There were other reports of his sightings. The police headquarters since has moved, no sightings have been seen at the new location.
He was what we today would call a Rockefeller Republican with brass balls and a spine.
“It is not the critic who counts; not the man who points out how the strong man stumbles, or where the doer of deeds could have done them better. The credit belongs to the man who is actually in the arena, whose face is marred by dust and sweat and blood; who strives valiantly; who errs, who comes short again and again, because there is no effort without error and shortcoming; but who does actually strive to do the deeds; who knows great enthusiasms, the great devotions; who spends himself in a worthy cause; who at the best knows in the end the triumph of high achievement, and who at the worst, if he fails, at least fails while daring greatly, so that his place shall never be with those cold and timid souls who neither know victory nor defeat.”
How was he a Rockefeller? He opposed illegal immigration and supported English as the official language. He supported a strong defense without the nation-building.

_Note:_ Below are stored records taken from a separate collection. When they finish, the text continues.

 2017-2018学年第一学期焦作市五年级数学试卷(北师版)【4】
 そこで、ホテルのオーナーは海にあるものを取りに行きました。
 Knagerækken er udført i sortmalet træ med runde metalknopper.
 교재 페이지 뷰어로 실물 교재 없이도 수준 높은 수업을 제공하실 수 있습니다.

Some of the regulatory stuff was needed at the time.
Regarding nation building... that's exactly what we did then with the newly acquired colonies.
Rockefellers BTW are also pro-defense.
No quarrel that Teddy was an awesome guy, great President, and without a doubt more Conservative than most Republicans today... but he also was part of those who paved the way for an increase in goverment interference.

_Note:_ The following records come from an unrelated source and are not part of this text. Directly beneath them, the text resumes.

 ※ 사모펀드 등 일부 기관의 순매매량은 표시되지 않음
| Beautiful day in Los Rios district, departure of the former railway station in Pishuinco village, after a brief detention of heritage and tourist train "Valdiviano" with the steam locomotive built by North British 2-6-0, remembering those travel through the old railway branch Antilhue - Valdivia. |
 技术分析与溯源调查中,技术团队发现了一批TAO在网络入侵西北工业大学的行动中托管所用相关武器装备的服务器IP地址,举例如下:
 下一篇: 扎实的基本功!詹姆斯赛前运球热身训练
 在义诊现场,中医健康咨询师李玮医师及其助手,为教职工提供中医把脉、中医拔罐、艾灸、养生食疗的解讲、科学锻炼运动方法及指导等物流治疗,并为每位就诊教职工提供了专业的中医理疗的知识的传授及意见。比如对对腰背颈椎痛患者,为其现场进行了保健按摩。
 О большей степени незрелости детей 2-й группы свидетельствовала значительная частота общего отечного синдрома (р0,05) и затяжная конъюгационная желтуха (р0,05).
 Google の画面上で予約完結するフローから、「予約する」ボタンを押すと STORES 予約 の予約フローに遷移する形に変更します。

The incident is covered here and includes photos of the spectacle case and manuscript that slowed TR's the bullet, and a copy of an x-ray of the bullet in his thorax.
(Scroll 1/2 way down and click to enlarge.)
TR not a “nation builder” What do you call Panama.
I’m sure that Obama would say that what he is doing is “needed at the time.” Come to think of it, I’m sure Wilson, FDR and even more than a few foreign despots could make the same argument.
:...Edward Gibbons Decline and Fall of the Roman Empire, which advanced the theory that the rise of Christianity was the cause of Romes fall.”
I’m no scholar, but I would say the fall of the Roman Empire was likely from the fact that they tried to run the whole known world back then. Many small city-states and impoverished countries to have to support and keep in line. To much to control for one government.
Spread themselves too thin.
Remember, John McCain's favorite potus was, TR.
It’s also telling that TR was one of McCain’s heroes, and apparently somewhat of a role model.
i personally am a huge fan of TR but i see his faults very clearly. at that time, regulation was needed, and TR made sure it happened. his best quote is that he is not president to serve only the republicans or only democrats, only the rich, or only business owners. he is there to serve the american people whether they voted for him or not.
I think the fall of Rome had a number of contributing causes, but Christianity wasn’t one of them.
He gave us the estate and gift tax as well.